Naquele momento Jamiel se sentiu muito idiota. Não sabia o nome da garota. Mas como se O Grande estivesse ao lado dele naquele momento, tudo pareceu se resolver.
– Ela - sussurou e foi em direção a jovem.
A garota gritava com um enfermeiro que parecia destinado a fazer ela ficar no hospital por mais algum tempo.
– Eu tenho total direito de sair daqui se eu quiser. Sou maior de idade e vocês não mandam em mim. - ela o encarou com raiva.
– Mas você precisa ficar! É para o seu bem! - ele segurou o braço dela.
Ela o encarou como se ele fosse um verme, alguém inferior.
– Tire.Sua.Mão.De.Mim. - ela disse as palavras com calma, então virou-se dando de cara com Jamiel.
Ele viu um misto de sentimentos passar pelo rosto dela. Surpresa, desentendimento, e demorou, mas chegou na raiva.
– O que você está fazendo aqui? - e puxou o colarinho do casaco dele acertando um soco bem no nariz do rapaz.
Jamiel foi para trás com a mão no nariz. Esperava que estivesse sangrando, mas não.
Ela se debatia nos braços do enfermeiro, mas subitamente, ela parou e empurrou o enfermeiro para longe. Ela o encarou e passou reto, foi até a secretaria e assinou alguns papeis.
Os dois homens a encaravam sem entender, mas ela lançou um único olhar para Jamiel.
Ele se virou para o enfermeiro e agradeceu, saiu correndo pelo jardim até chegar na garota. Ela andava desajeitada, o casaco caia pelos ombros e as mangas eram maiores que os braços, a mochila estava aberta e ela fungava.

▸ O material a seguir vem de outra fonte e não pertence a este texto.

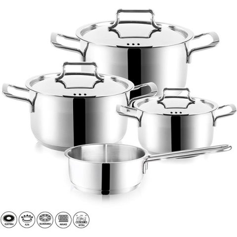 Edénykészlet - gáz, elektromos, indukciós, üvegkerámia és halogén főzőlaphoz, 3 fazék a készletben, nem éles fémeszköz használatának lehetősége, sütőben használható és mosogatógépben mosható, maximális sütési hőmérséklet a sütőben 200 °C, edény anyaga rozsdamentes acél, fazék külső felülete rozsdamentes acél, fazék belső felület rozsdamentes acél, fazék nyelének anyaga rozsdamentes acél, fedő a csomagban, ezüst kivitel Az ORION edénykészlet

– O que você quer? - perguntou sem olhar para trás para saber que ele estava ali.
– Quero te ajudar - disse indeciso se tocava no ombro dela ou não.
Ela parou e se virou. Tinha olhos pintados de pretos e uma expressão de dúvida.
– Você é um daqueles maníacos perseguidores? - perguntou fechando as sobrancelhas e semi-cerrando os olhos.
– Não. Claro que não - disse já esperando uma resposta negativa.
Ela olhou para o lado e arregalou os olhos, fez um gesto com as mãos que ele não entendeu e respondeu:
– Tudo bem. Não tenho muito o que perder se você for um. Vamos tomar um café.